Goal of the exercise:
From the first line to the last, please print the entries exactly, omitting pictures.

Task inputs:
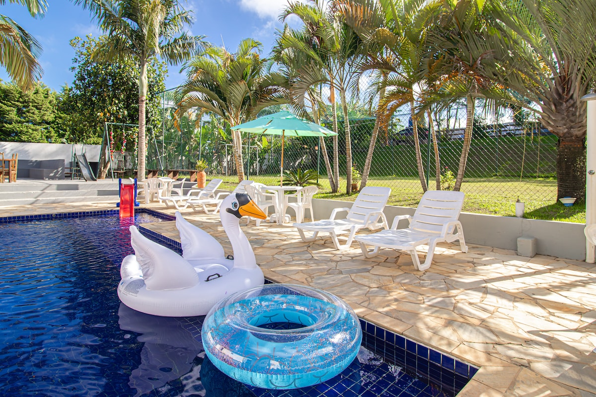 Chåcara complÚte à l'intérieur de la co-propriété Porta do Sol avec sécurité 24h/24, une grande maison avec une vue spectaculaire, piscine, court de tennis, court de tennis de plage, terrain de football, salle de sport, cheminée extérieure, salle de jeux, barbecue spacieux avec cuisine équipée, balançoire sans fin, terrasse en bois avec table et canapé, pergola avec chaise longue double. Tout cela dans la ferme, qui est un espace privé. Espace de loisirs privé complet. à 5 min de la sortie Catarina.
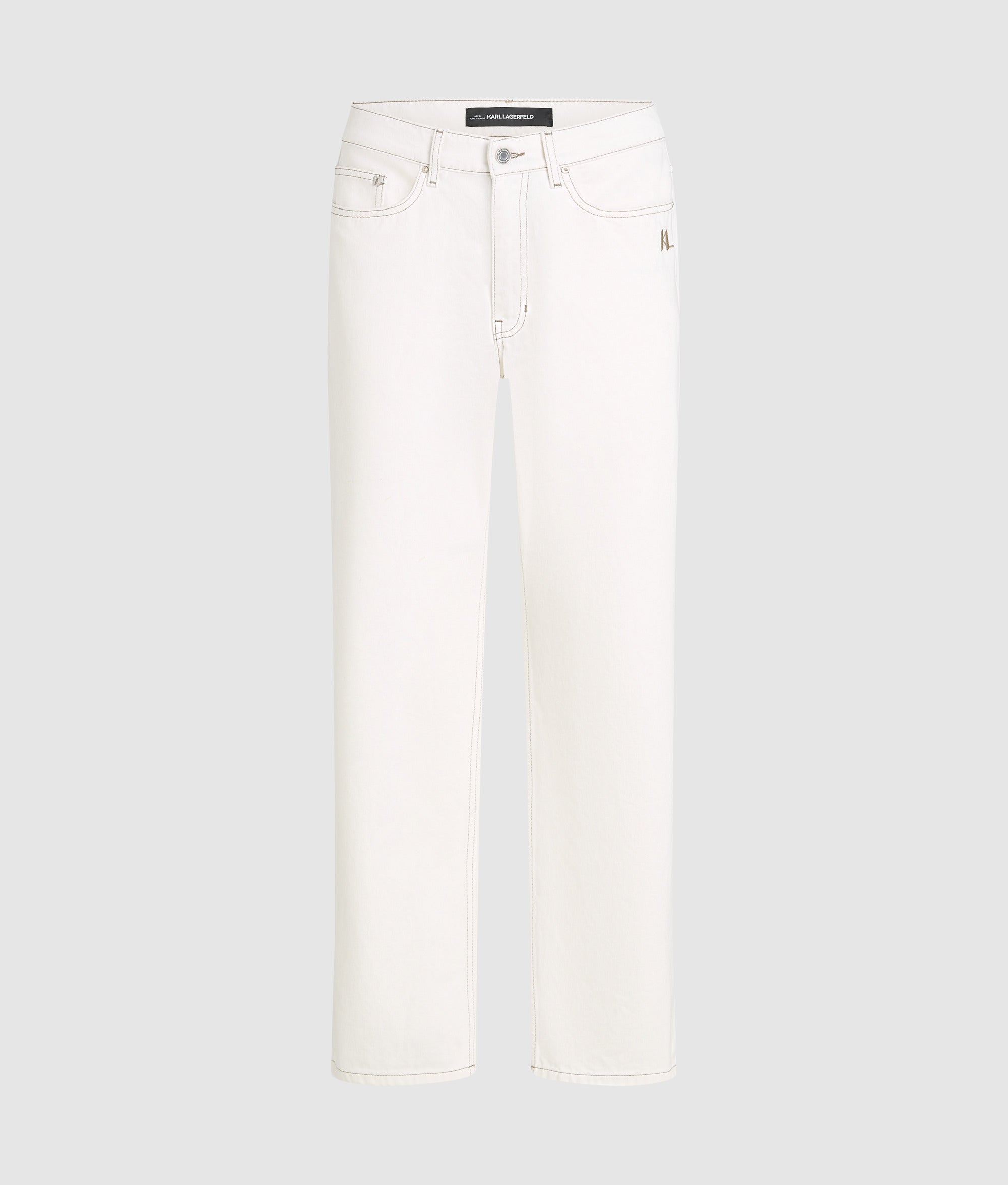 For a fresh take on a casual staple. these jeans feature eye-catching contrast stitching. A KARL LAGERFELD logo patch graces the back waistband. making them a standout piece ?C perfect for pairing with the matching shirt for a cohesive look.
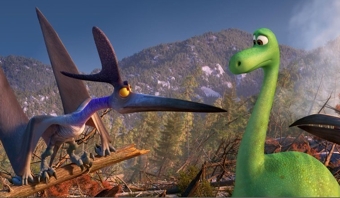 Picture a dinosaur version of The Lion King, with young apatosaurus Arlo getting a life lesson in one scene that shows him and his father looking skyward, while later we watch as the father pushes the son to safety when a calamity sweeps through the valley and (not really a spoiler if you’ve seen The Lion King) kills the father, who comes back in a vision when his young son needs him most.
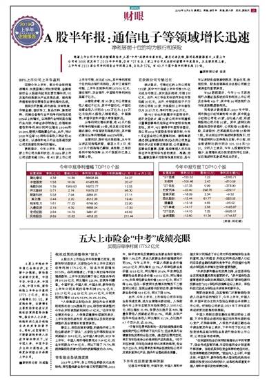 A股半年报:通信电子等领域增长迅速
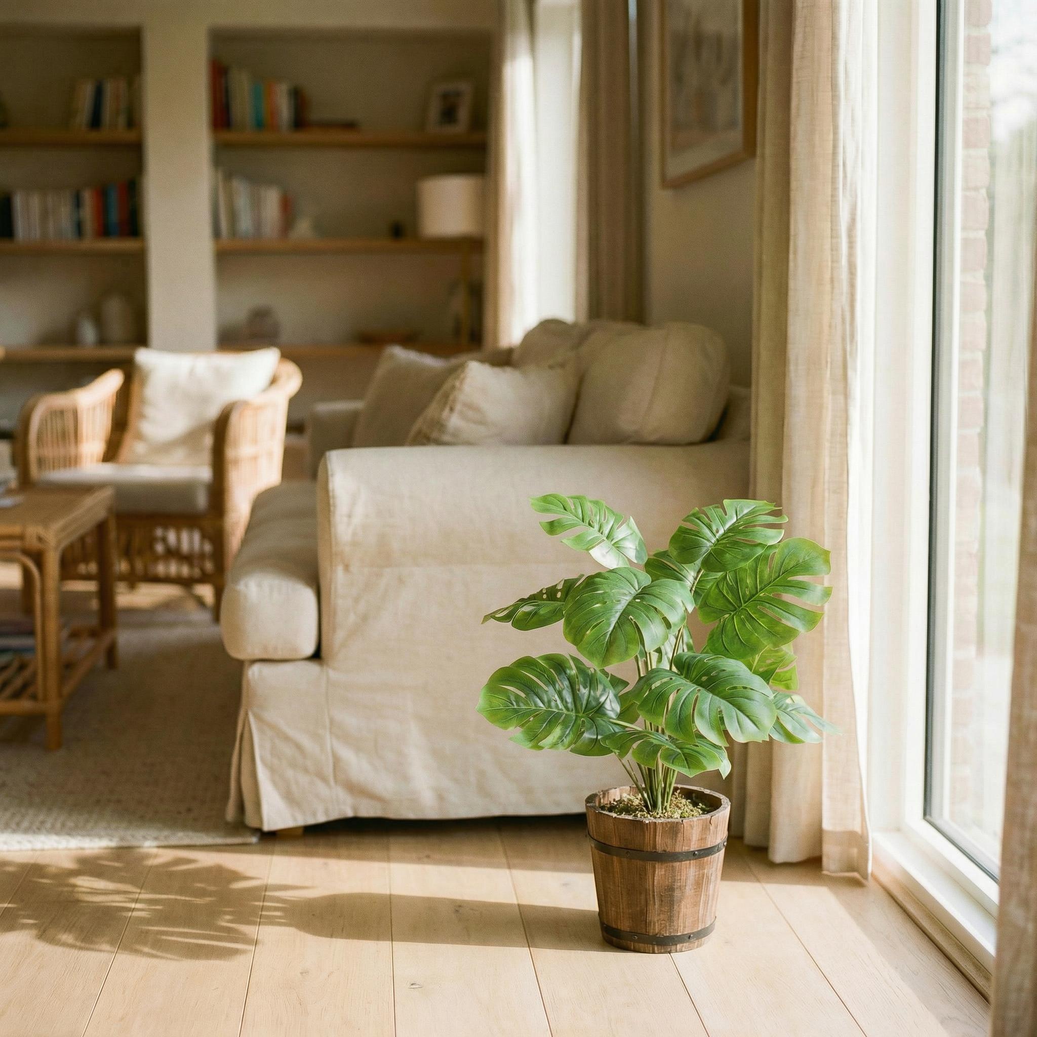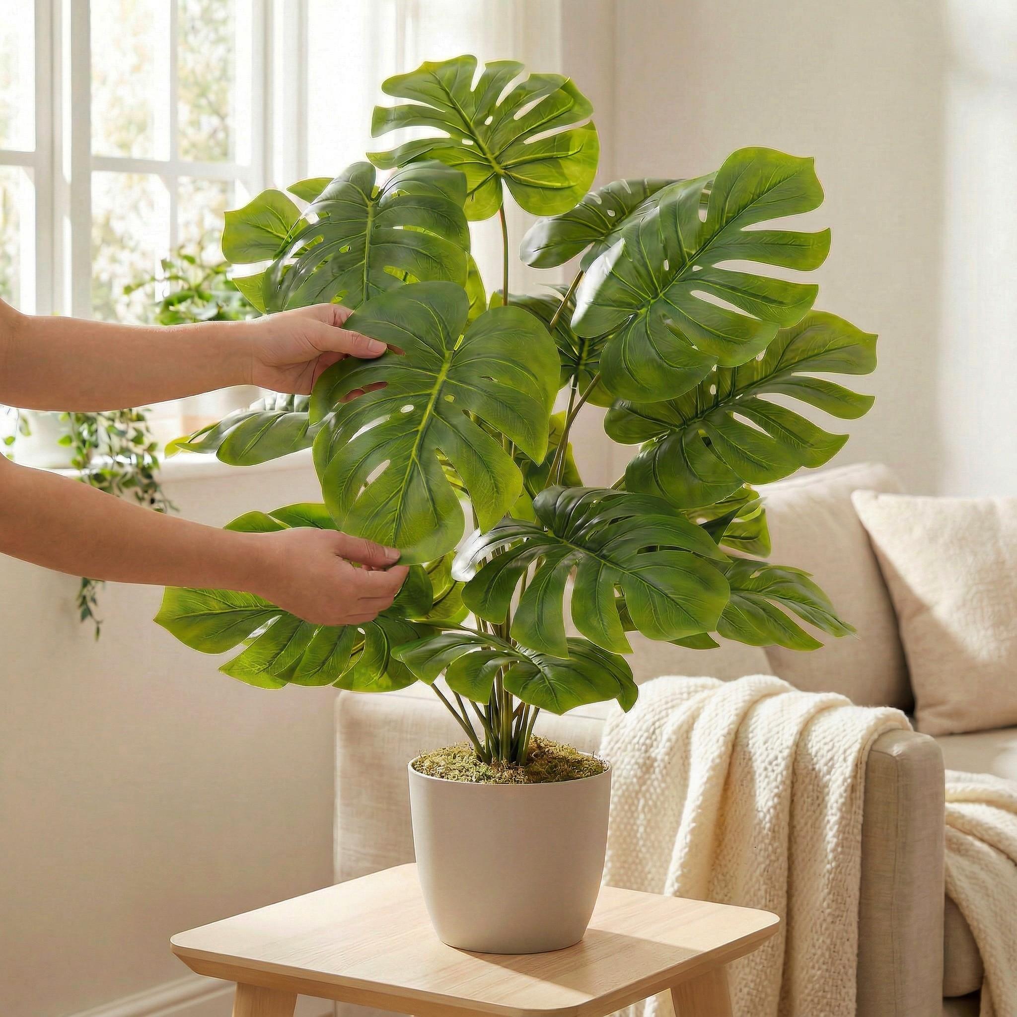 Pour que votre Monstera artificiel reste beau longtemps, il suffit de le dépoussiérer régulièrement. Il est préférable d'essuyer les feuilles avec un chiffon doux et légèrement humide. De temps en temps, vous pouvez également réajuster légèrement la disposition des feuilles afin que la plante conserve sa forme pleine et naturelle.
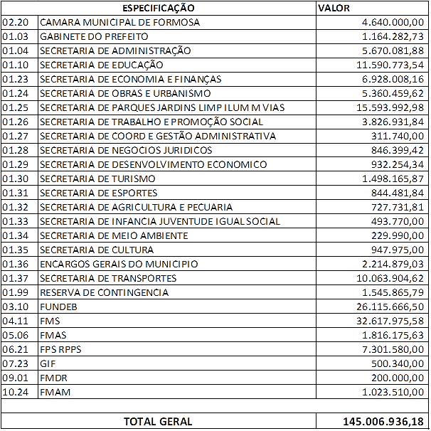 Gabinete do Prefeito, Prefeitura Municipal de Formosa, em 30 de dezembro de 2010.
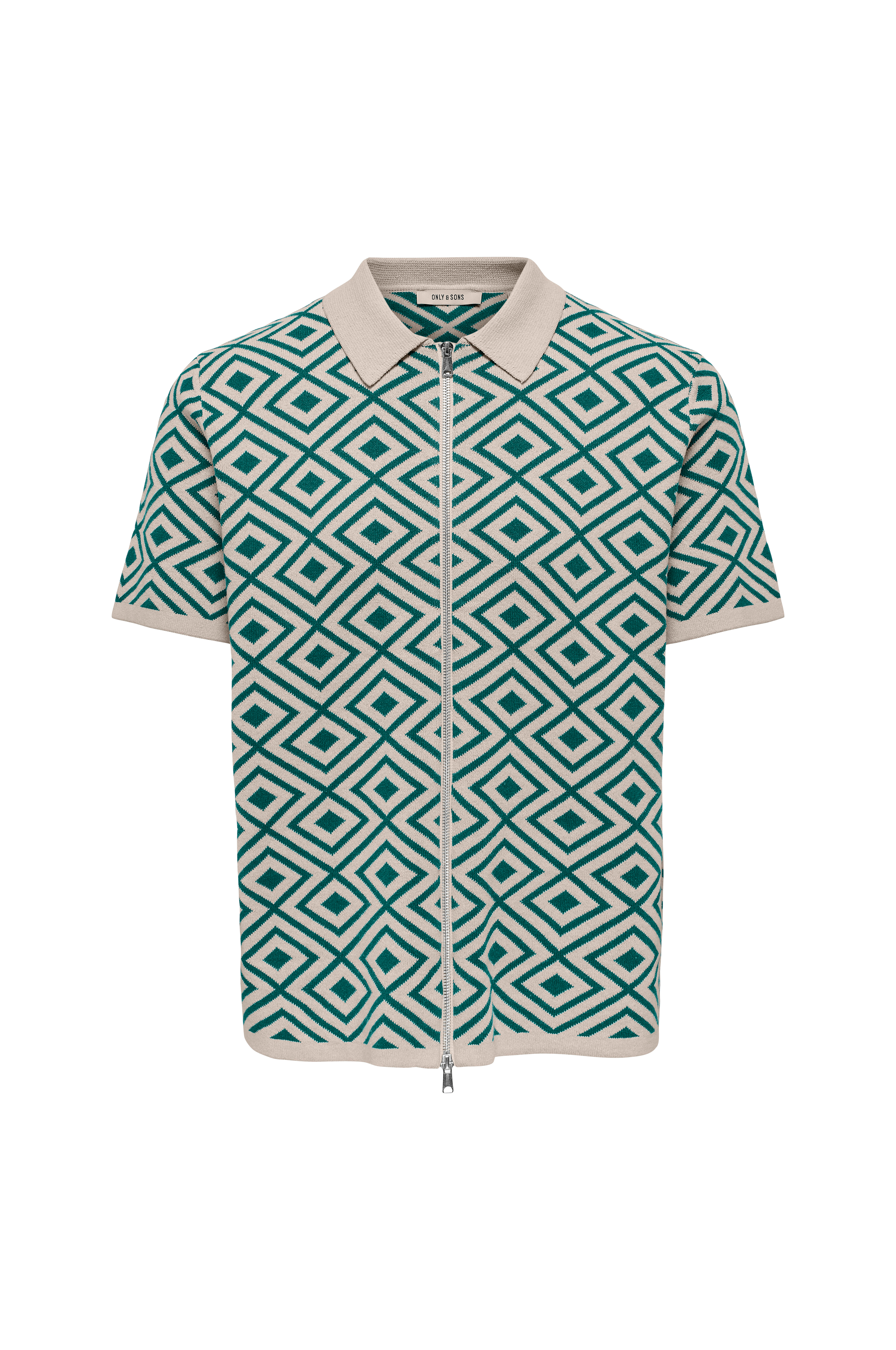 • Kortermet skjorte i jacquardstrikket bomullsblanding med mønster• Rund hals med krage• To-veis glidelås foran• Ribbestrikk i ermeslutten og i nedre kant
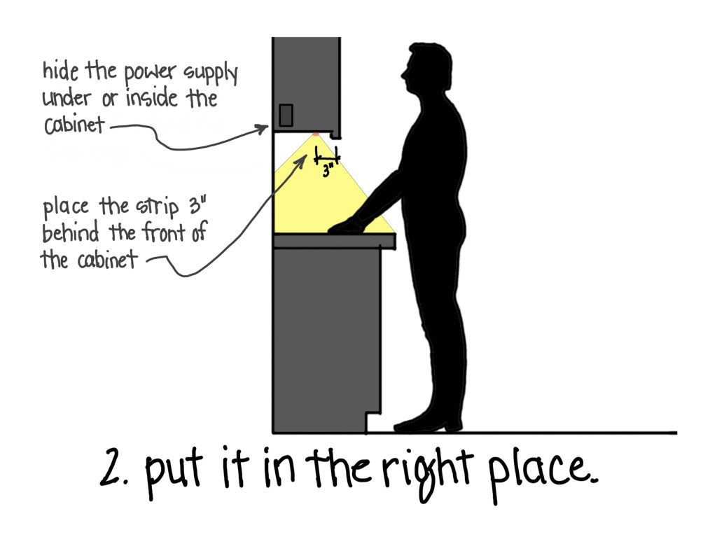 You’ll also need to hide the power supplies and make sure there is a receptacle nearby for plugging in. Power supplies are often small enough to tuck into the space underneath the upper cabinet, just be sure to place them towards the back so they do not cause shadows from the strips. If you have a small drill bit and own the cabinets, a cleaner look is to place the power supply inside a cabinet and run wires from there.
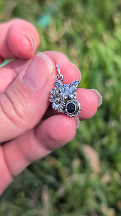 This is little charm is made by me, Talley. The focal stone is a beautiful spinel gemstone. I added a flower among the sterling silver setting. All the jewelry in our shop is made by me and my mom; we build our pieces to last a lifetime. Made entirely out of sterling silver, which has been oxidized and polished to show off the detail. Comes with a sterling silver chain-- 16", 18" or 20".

Your response:
 Chåcara complÚte à l'intérieur de la co-propriété Porta do Sol avec sécurité 24h/24, une grande maison avec une vue spectaculaire, piscine, court de tennis, court de tennis de plage, terrain de football, salle de sport, cheminée extérieure, salle de jeux, barbecue spacieux avec cuisine équipée, balançoire sans fin, terrasse en bois avec table et canapé, pergola avec chaise longue double. Tout cela dans la ferme, qui est un espace privé. Espace de loisirs privé complet. à 5 min de la sortie Catarina.
 For a fresh take on a casual staple. these jeans feature eye-catching contrast stitching. A KARL LAGERFELD logo patch graces the back waistband. making them a standout piece ?C perfect for pairing with the matching shirt for a cohesive look.
 Picture a dinosaur version of The Lion King, with young apatosaurus Arlo getting a life lesson in one scene that shows him and his father looking skyward, while later we watch as the father pushes the son to safety when a calamity sweeps through the valley and (not really a spoiler if you’ve seen The Lion King) kills the father, who comes back in a vision when his young son needs him most.
 A股半年报:通信电子等领域增长迅速
 Pour que votre Monstera artificiel reste beau longtemps, il suffit de le dépoussiérer régulièrement. Il est préférable d'essuyer les feuilles avec un chiffon doux et légèrement humide. De temps en temps, vous pouvez également réajuster légèrement la disposition des feuilles afin que la plante conserve sa forme pleine et naturelle.
 Gabinete do Prefeito, Prefeitura Municipal de Formosa, em 30 de dezembro de 2010.
 • Kortermet skjorte i jacquardstrikket bomullsblanding med mønster• Rund hals med krage• To-veis glidelås foran• Ribbestrikk i ermeslutten og i nedre kant
 You’ll also need to hide the power supplies and make sure there is a receptacle nearby for plugging in. Power supplies are often small enough to tuck into the space underneath the upper cabinet, just be sure to place them towards the back so they do not cause shadows from the strips. If you have a small drill bit and own the cabinets, a cleaner look is to place the power supply inside a cabinet and run wires from there.
 This is little charm is made by me, Talley. The focal stone is a beautiful spinel gemstone. I added a flower among the sterling silver setting. All the jewelry in our shop is made by me and my mom; we build our pieces to last a lifetime. Made entirely out of sterling silver, which has been oxidized and polished to show off the detail. Comes with a sterling silver chain-- 16", 18" or 20".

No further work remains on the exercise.